On August 4th, the Wall Street Journal carried a breathless tale of how a handful of obscure oilfield suppliers were striking immense riches in the sand dunes of Wisconsin. Owing to the “shale revolution”, the stock price of an outfit that had originated in the stagnating business of supplying sand traps to golf courses, and which had been at death's door as recently as 2011, had gone parabolic.
Emerge Energy Services (EMES) presently traded at $145 per share, reflecting a red hot gain of 8.5X over its $17 IPO price fifteen months earlier. In a literal sense, Silicon Valley had come to the silicon dunes of Lake Michigan, as reflected in EMES' valuation at 43X its LTM earnings.
EMES data by YCharts
Given the fact that EMES' share price had most recently risen by $100 or $2.5 billion of market cap just since January 2014, the “momo” story was self-evidently all about upside growth, not current profits or cash flow. In fact, during its 14 quarters as a public filer, EMES had generated negative $50 million of operating cash flow after CapEx. So at a total enterprise value of $3.7 billion, the punters chasing the stock straight up the parabolic curve would seemingly have anticipated some stupendous growth indeed.
Except … except they had no idea about EMES' sustainable growth potential and didn't care because the buyers were robots, day traders and flavor-of-the-month hedge funds. They were piling into the stock of a company selling a form (white sand) of the second most abundant low-value commodity on planet earth for no other reason than Emerge Energy Services was another momo play on steroids.

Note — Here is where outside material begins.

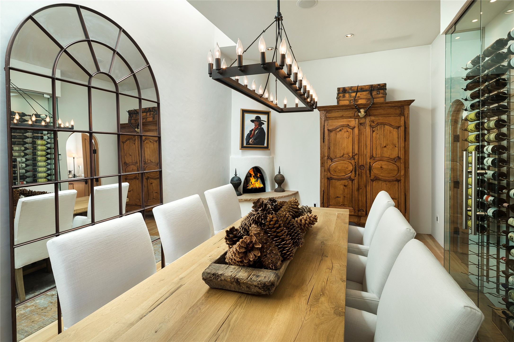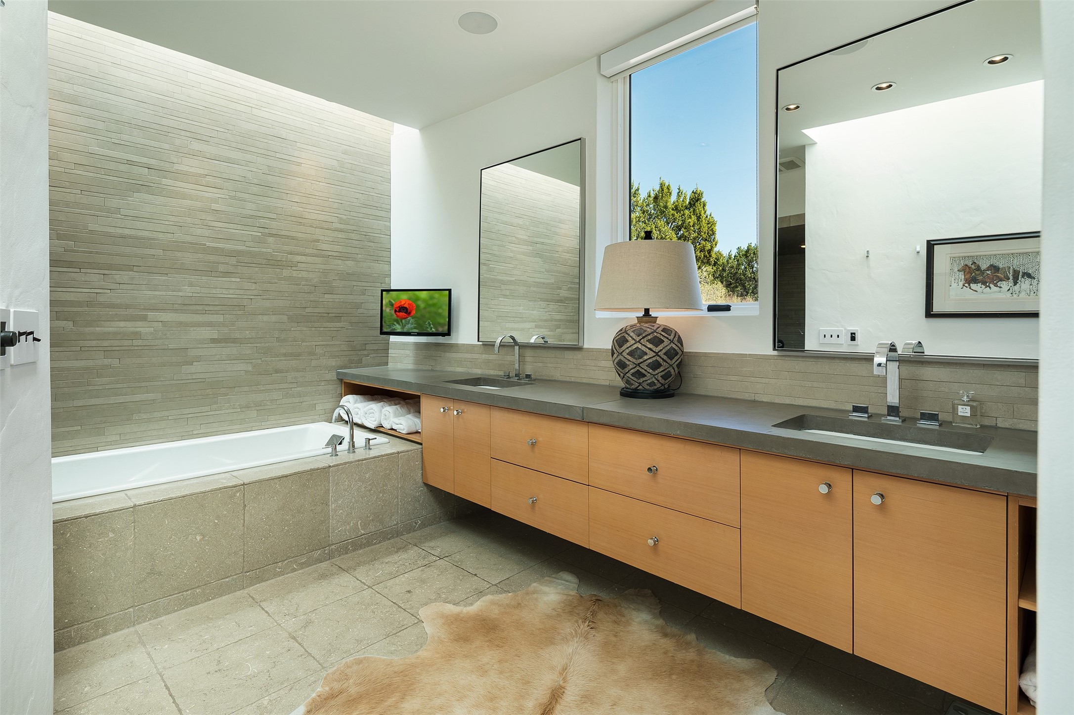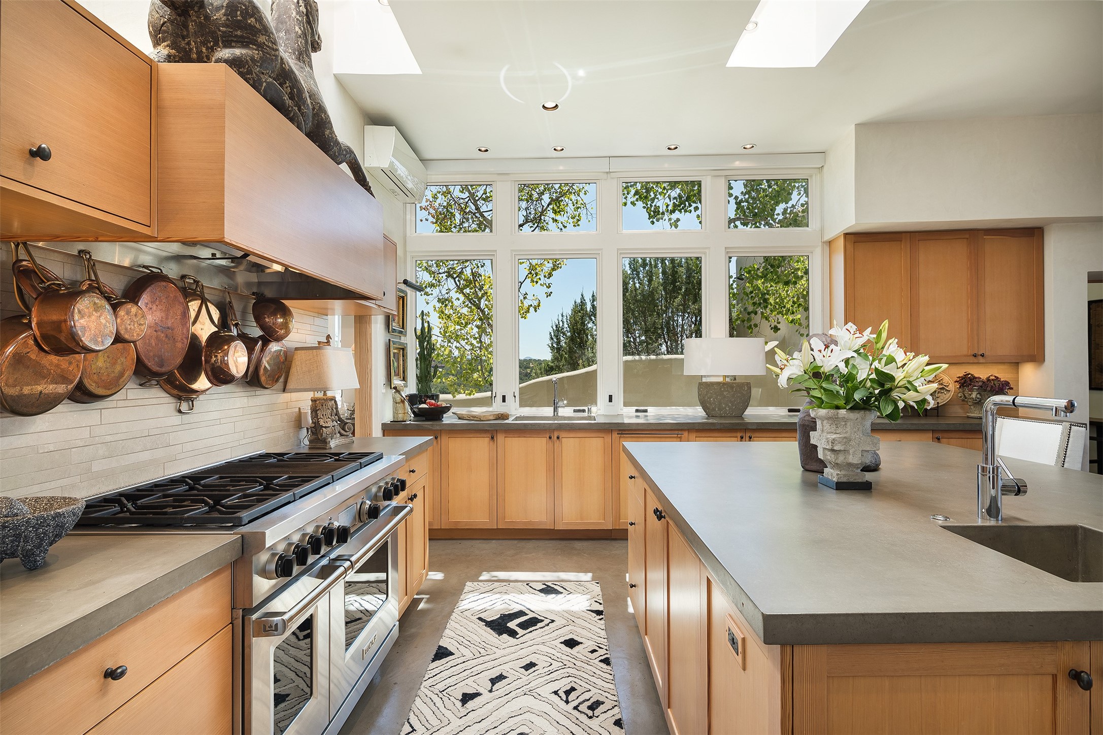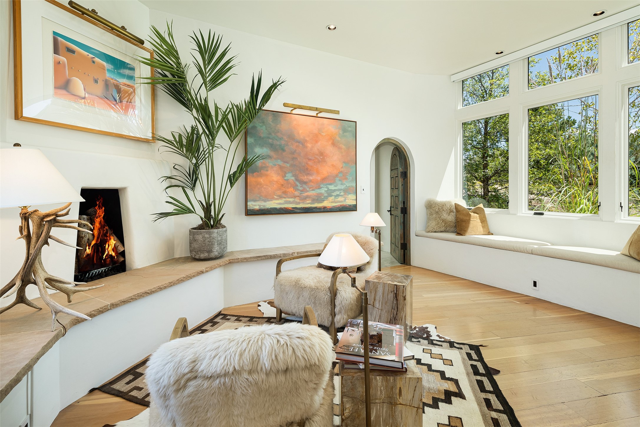 One of the most extraordinary homes in all of Santa Fe, this captivating residence by the award-winning builder, Tierra Concepts, stuns with contemporary architecture, majestic, expansive mountain, golf course and sunset views. Perched on an elevated double lot, with unmatched privacy on 4.5 acres, overlooking the Jack Nicklaus designed Sunrise Golf Course, within the famed community of Las Campanas and the coveted Wildhorse Estates, this exquisite home exemplifies the unique blend of modern design with the warmth of New Mexican accents. Defining features begin with the long, private, concrete driveway, entering the custom carved courtyard doors and vibrant landscape. This tranquil retreat offers 3 bedrooms, 4 baths, plus a media room/office with portal access. The 55' great room excites with surround mountain views, high ceilings, vast walls for art, clerestory windows, 9 double atrium glass doors which lead to the dual outdoor portals. The well-appointed kitchen with fireplace impresses with a large island and seating, walk-in pantry, dual sinks, and Wolf, Viking, Sub-Zero, Bosch, and Miele appliances, all of which opens to a breakfast dining area, casual sitting room, outdoor built-in BBQ and dining area. Off the kitchen is a wine bar and formal dining room with a 350-bottle glassed wine wall and fireplace. Luxurious owner's suite with a sitting area, fireplace, spa-like bath, floating vanity, dual sinks, soaking tub, steam shower and walk-in closet. Two spacious ensuite bedrooms with views, built-in desks, and fireplaces. Seamless outdoor living experience is enhanced with 2 generous, private, walled courtyards with deep portals, 2 fireplaces and RH Design outdoor furnishings. Highlights include soft, natural light, with 7 fireplaces, 14 recessed skylights, 6 imported double antique doors, and creamy white plaster walls. Substantially furnished by RH Design, inside and out. Featured in an 8-page spread in Western Art Collector Magazine and Su Casa Magazine.

The “price action” was the investment thesis.
Yet this typical momo “rip” had occurred not out of the natural elements of human greed and capitalist enterprise, but because the stock market has been destroyed by the Fed. That is, the combination of ZIRP and wealth effects “puts” have eviscerated all of the checks and balances that contain and modulate speculation in honest free markets.
On the one hand, Fed policy has massively subsidized momo speculators in two powerful ways. First, most of them operate through the options markets or employ other forms of heavy, short-term position leverage.
Accordingly, their “carry” cost is close to zero, and their position leverage can be continuously rolled-over without risk. That's because the Fed's foolish commitment to “transparency” in pegging its policy rate means that speculators are in the catbird seat.
In effect, the Fed is committed to sending its interest rate change messages by pony express to speculators who operate in the nano-second based cybersphere of modern trading technology. It's not even a contest; its a bad joke which showers the 1% with stupendous windfalls.
Secondly, even the friskiest day traders who intend to survive need to take out market insurance against their momo bets. That is, they buy puts on the S&P 500 to protect against a market wide downdraft.
Yet owing to the Fed's drastic financial repression and market manipulation, this downside insurance is dirt cheap—meaning that the net returns on momo-chasing are inordinately high due to the Fed's implicit subsidy of their cost of doing business (i.e. hedging). Supernormal returns, in turn, attract ever greater sums of speculative capital, thereby providing even greater buying power to the momo trades.
There is no secret as to why downside insurance is so heavily subsidized by the central banking branch of the state and is therefore so cheaply available to speculators. The absurd doctrine of “wealth effects” and the implicit Greenspan/Bernanke/Yellen “put” has generated a toxic deformation in the risk asset markets. Namely, the “buy-the-dips” reflex which has purged volatility from the broad market index almost entirely.